I find soldiers, rattles,
teething rings.

I wear bonnets
on rainy days

when river mud
is indistinguishable
from water.

If I drown unexpectedly
send bibs
in lieu of flowers.

Please forgive me
the strays. Animals
are often the warmest
friends.

But if I had a child
I'd run with the same
wild indifference
as a boxer.

And when the children cross
with pets in their arms
I think of how quickly
we become muzzles
in this belligerent world.

Forgive my decision
to leave the swaddling
for stitched bellies,
frizzled hair.

Whenever I look
into a mirror I look
into absence, how the fullness

and brightness of a bed
or saucer necessitates
the transparency

of things that cannot
give life.

If I were a branch, I would be
mesquite without leaves.

Why is there no word
for the male equivalent
of 'spinster'?

Sometimes, fresh from the levee
they ask for water.
I remember how I bathed you
with two quaking hands.

In a way, I was doing the math
for your eventual flight.

I used to think there was nothing
more cruel
than the transposition
of parent and child.

But what of the childless?

What of baskets
filled with painted eggs?

What of funerals
where the only light
sprays from grieving mouths?

The river abandons its banks.

We become strangers
to each other or brothers
who have never shared a meal.

We are pregnant with something
but it is not life.

More by Rodney Gomez

Story About a Glacier

What I won’t tell you is how I became a flute
and brushed against lips but there was no music.
When the blows came furious as juniper.

There were days when I was a parachute
and the wind was free but kind. I won’t lie
and say there were no such days. There were days

when I curled into hailstone and pretended
it was only breezing outside. Another man’s music.
Eventually the need to unfurl overcame the need

to stay anchored. Tsunami greeted me in its maw.
I have his smell all about me but it dwindles every day.
What I won’t tell you is how I escaped.

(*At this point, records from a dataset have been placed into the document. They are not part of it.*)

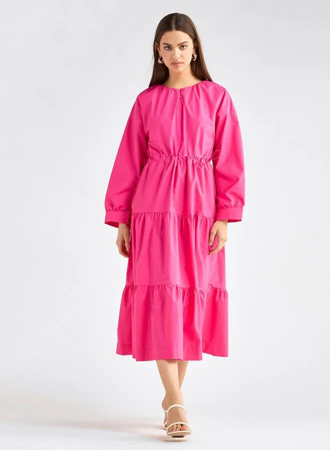 Styli Satin Ruffle Detail Bodycon Maxi Dress
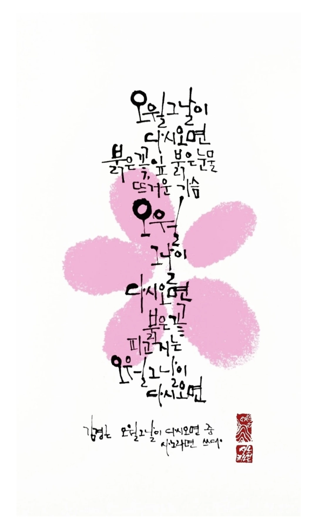 사노라면의 붓 끝에 시를 묻혀 캘리 한 조각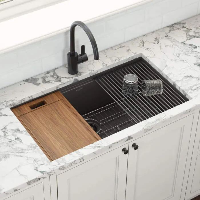 - INCLUDED IN BOX: Sink, solid wood cutting board, matching roll-up drying rack, matching color basket strainer drain assembly, stainless steel bottom rinse grid, installation guide.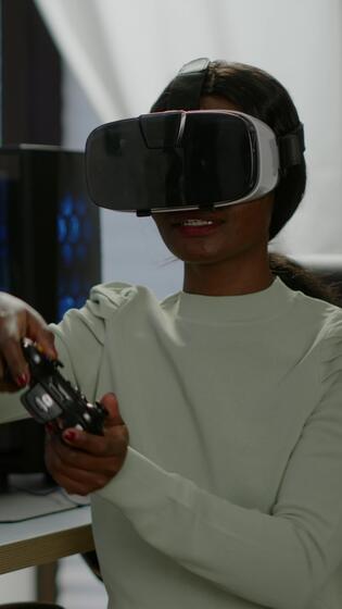 Vertical . Winner player holding joystick playing videogame in gaming room using virtual reality. Professional pro gamer streaming online videogames with new graphics on powerful computer using modern equipment. Pro Video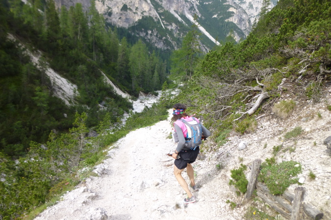 Die Natur kehrt zurück. Niedrige Latschenkiefern besetzen dicht an dich die Hänge. Tief im Tal rauscht die Rienz in einem fast blütenweißes Gesteinsbett durch das enge Tal. Hier ist die Welt noch in Ordnung, denkt man unwillkürlich. Über Kilometer folgen wir auf einem breiten Naturweg dem Wildbach. Und seit langem kann auch ich wieder einmal ein längeres Stück halbwegs entspannt laufen.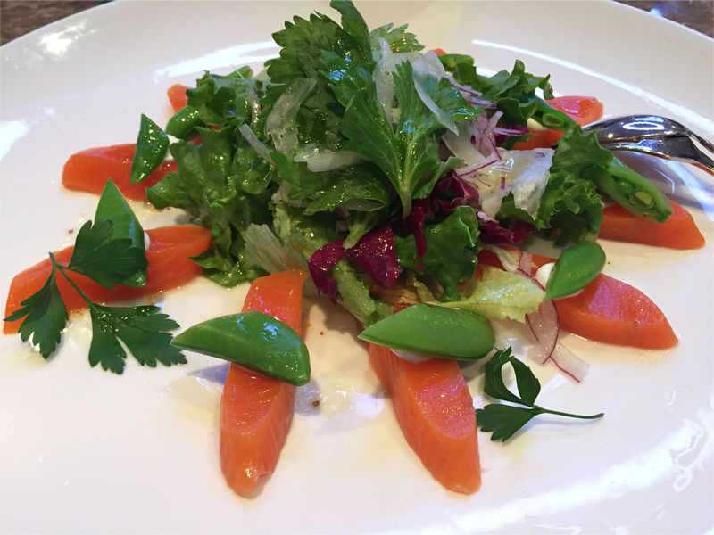 サーモンのハニーマスタードマリネ・サワークリームとサラダ添え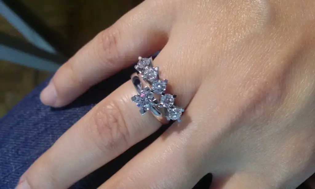 Görgüsüzlükle hiç alakası yok. Aslında arkadaşınız doğru olanı yapmış. Beştaş, yeditaş ve tam tur pırlanta yüzükler, pırlanta 'alyans' anlamına gelir, pırlanta alyans olarak satılır. Kimisi nasıl altın alyansıyla tektaş yüzüğü birlikte takıyorsa, kimisi de tek taş yüzüğüyle beraber altın alyans yerine beştaş, yeditaş ya da tam tur pırlanta yüzüklerden birisini takar. Usül budur. Bir de altın alyansla birlikte beştaş, yeditaş veyahut tamtur pırlanta yüzüklerden herhangi biri aynı anda takılmaz. Mantıken takılan iki yüzük de alyans anlamı taşıyacaktır çünkü.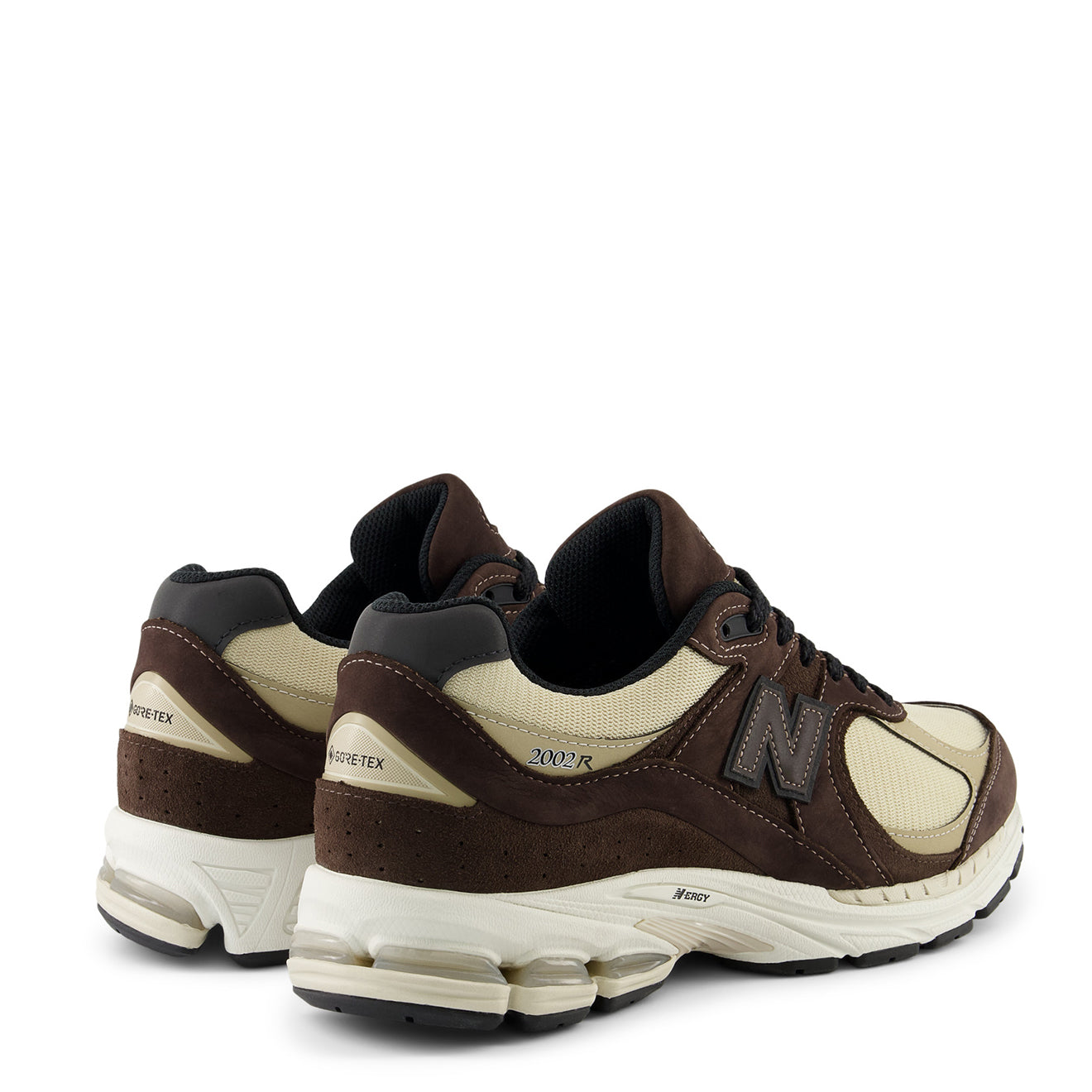 Introducing the New Balance 2002RX in Black Coffee / Sandstone / Stoneware. The forward-thinking style of the 2002R is rooted in performance running. Inspired by the MR2002, a high-end running model originally released in 2010, the 2002R offers a ready-to-wear take on sleek, technical design. A new GORE-TEX® variant, the 2002RX, adds rugged, water resistant functionality to the shoe's classic mesh upper construction, while the diamond patterned ABZORB midsole and segmented ABZORB SBS pods at the heel provide an ultra-soft, cushioned feeling and a visually distinctive look.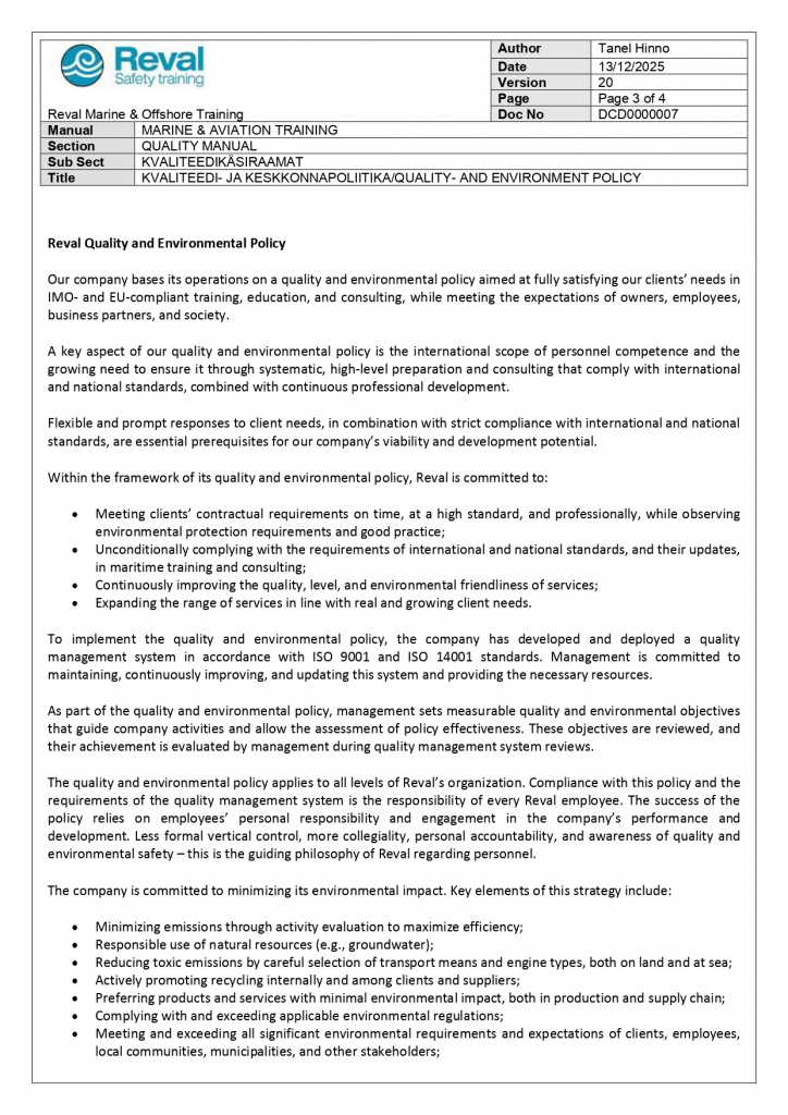 If I take OPITO BOSIET, FOET or CA-EBS trainings in Reval, are these accepted in North Sea by Noth Sea operators.

One day

I met a map at a bar. It pointed to a gash on its head
and said I could get there by becoming someone else.
Most of me was still scrawled on a carpet under a belt.

What was there to lose that I hadn’t already lost?
Alone, in the middle of the night, the road smelled
like freshly sawed mesquite. I wormed my way out.

A buckle still loomed in the background.
And I told myself, there is no gleam.

The Knife

What can you say about the knife that hasn't already been said? It is the same knife today as it was yesterday. Even if the law decided to melt it down, it would still be a knife tomorrow. You can travel back through the history of the knife & discover the America-like violence of its birth, how it carved yokes into brown bodies & how it chose night as its uniform. The knife very quickly discovered skin, blood, & the poor. The knife is an instrument & so takes its identity from the purpose of the hand that uses it. The knife can glide gracefully down a backbone in mimicry of a feather. Or it can leap from one carved island of bone to another. When I was given the knife I pretended to be a survivalist even though I lived in the inner city. The knife melted into milk in my hands & I poured it into the wailing mouth of my baby. It was redelivered into the world & made its way to an open sewer. A woodpecker used the knife to cut down the lone acacia on the block. The tree tumbled & soon it was as if nothing had ever grown there. Except the knife. From a sandy oval in concrete, the knife jutted like a mouse tail. It waited for someone who believed in dynamite.

Loss

Lately I have been a gap.
Moth clouds follow me to bed.
I counted them: twenty, fifty, block, choke.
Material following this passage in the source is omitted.